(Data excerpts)
|---|

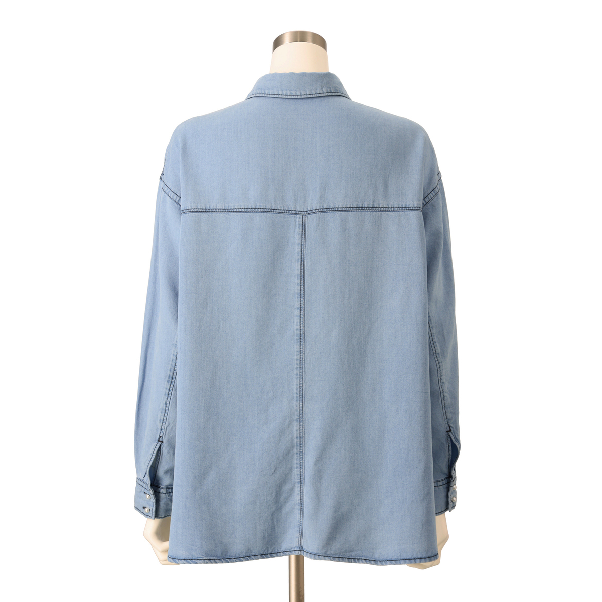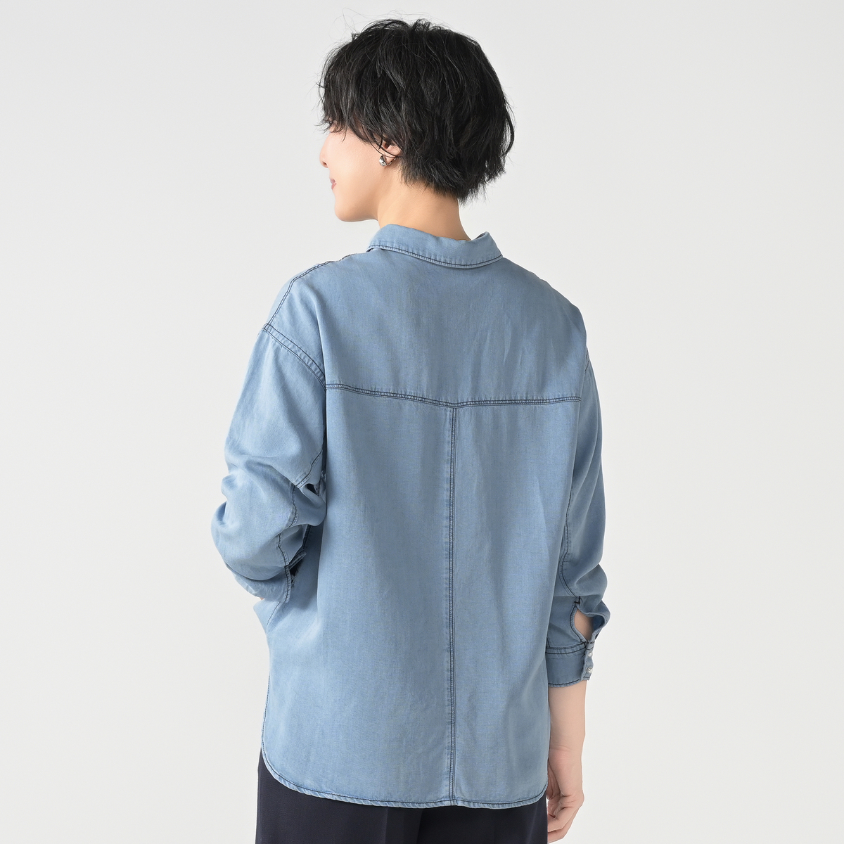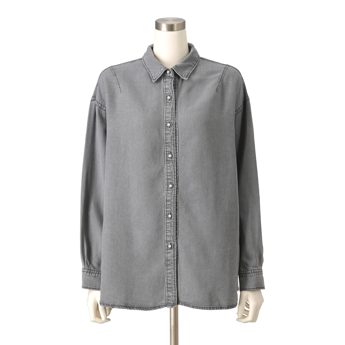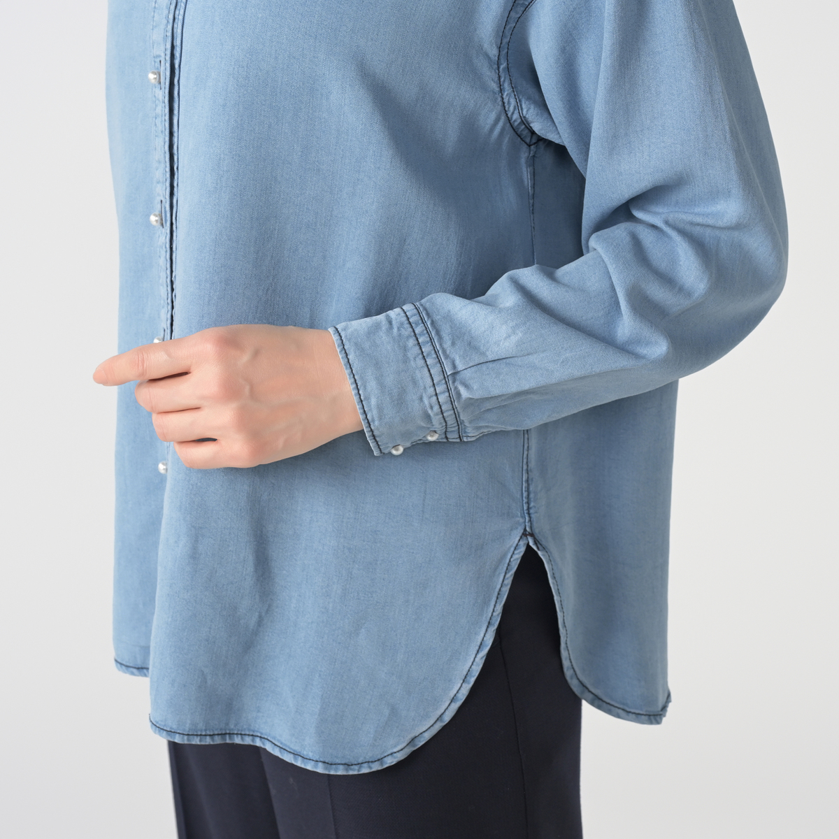 ゆったりしたシルエットのデニムシャツ。丸みのあるパール調ボタンが上品なアクセントになっています
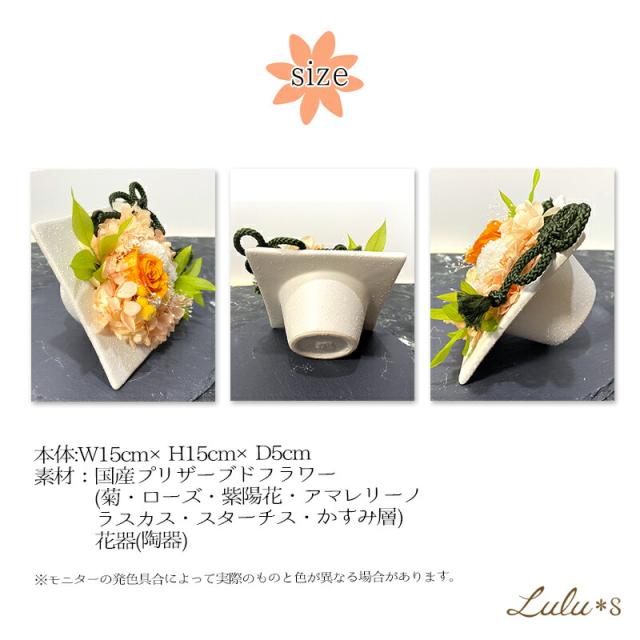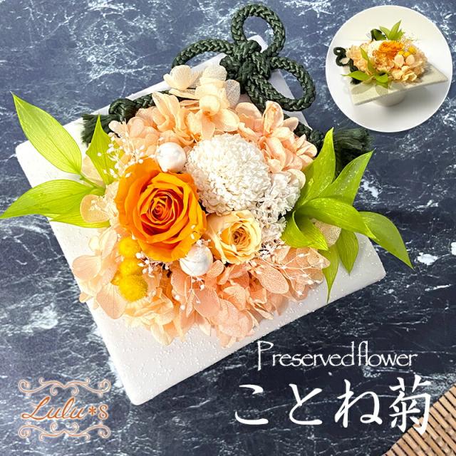 ことね菊 和風モダン ローズ 紫陽花 あじさい 薔薇 プリザーブドフラワー フォト 写真 誕生日 プレゼント 母の日 贈り物 ギフト プリザ ブリザーブド ウェディング 退職祝い モダン 和風 オシャレ オレンジ lulus-0576 Lulu*s ルルズ
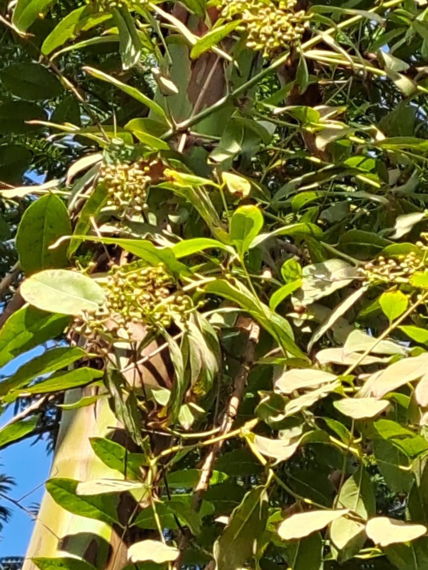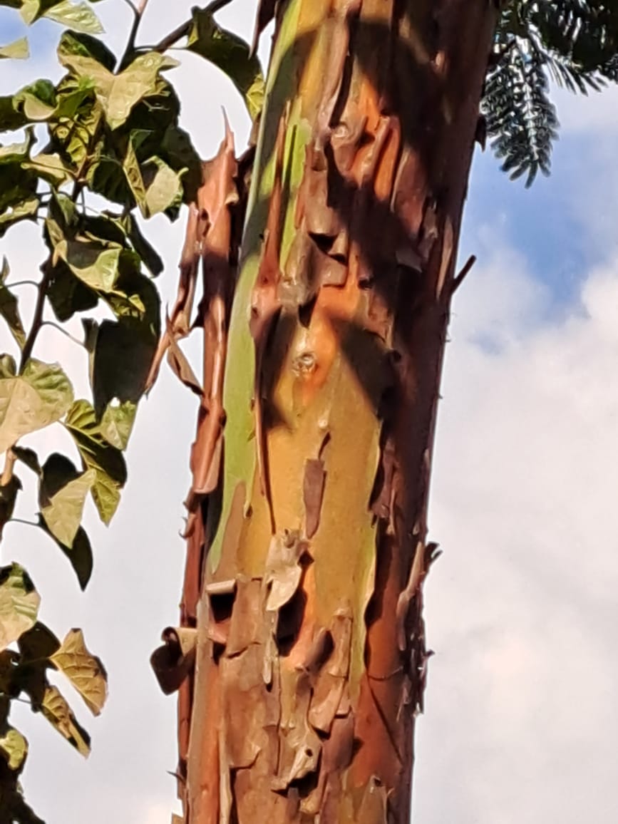 Evergreen tree, fast-growing, very large to 75 m high in mature, 18 m wide Trunk smooth  orange-tinted trunk bark which peels in summer to reveal a unique and sometimes stunning multi-colored bark, consisting of streaks of pale green, red, orange, gray and purple-brown leaves aromatic, ovate to lanceolate flowers tiny white in axillary or terminal panicles fruits  small, capsule, mature fruits furn from brown to dark brown, containing 3-12 well-formed seeds per valve, seeds tiny, brown, flattened, with a small terminal wing
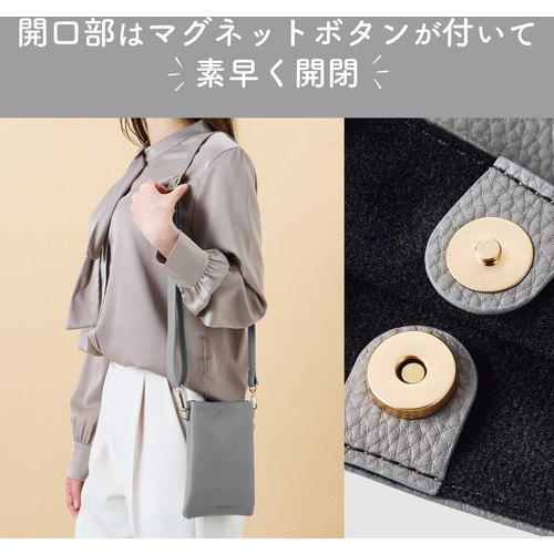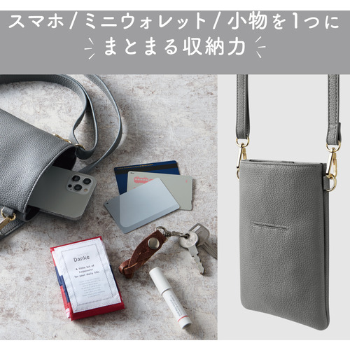 ●スマートフォンやミニウォレット、キーケースなど必要なものを1つにまとめてコンパクトに持ち出せるショルダーポーチです。
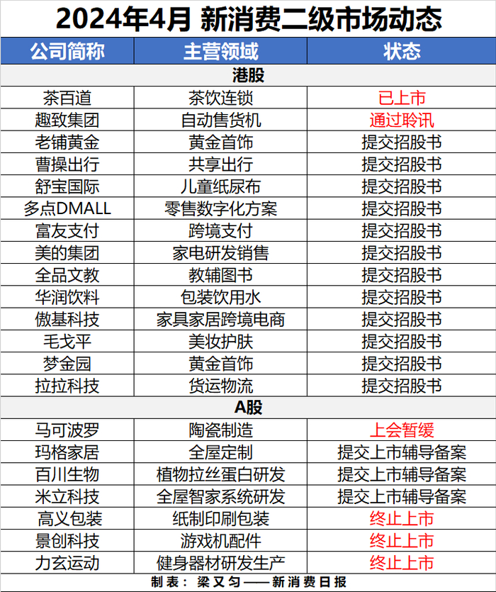 4月共有13家消费类相关公司递交港股上市申请,从消费升级的美妆、首饰、网约车、数字零售、跨境支付,到基础消费领域的儿童纸尿布、教辅书、家电、家具、饮用水等,种类十分丰富。

|---|

- ACTION ITEM -
Return every entry unchanged and skip the pictures.

- EXERCISE ANSWER -
 ゆったりしたシルエットのデニムシャツ。丸みのあるパール調ボタンが上品なアクセントになっています
 ことね菊 和風モダン ローズ 紫陽花 あじさい 薔薇 プリザーブドフラワー フォト 写真 誕生日 プレゼント 母の日 贈り物 ギフト プリザ ブリザーブド ウェディング 退職祝い モダン 和風 オシャレ オレンジ lulus-0576 Lulu*s ルルズ
 Evergreen tree, fast-growing, very large to 75 m high in mature, 18 m wide Trunk smooth  orange-tinted trunk bark which peels in summer to reveal a unique and sometimes stunning multi-colored bark, consisting of streaks of pale green, red, orange, gray and purple-brown leaves aromatic, ovate to lanceolate flowers tiny white in axillary or terminal panicles fruits  small, capsule, mature fruits furn from brown to dark brown, containing 3-12 well-formed seeds per valve, seeds tiny, brown, flattened, with a small terminal wing
 ●スマートフォンやミニウォレット、キーケースなど必要なものを1つにまとめてコンパクトに持ち出せるショルダーポーチです。
 4月共有13家消费类相关公司递交港股上市申请,从消费升级的美妆、首饰、网约车、数字零售、跨境支付,到基础消费领域的儿童纸尿布、教辅书、家电、家具、饮用水等,种类十分丰富。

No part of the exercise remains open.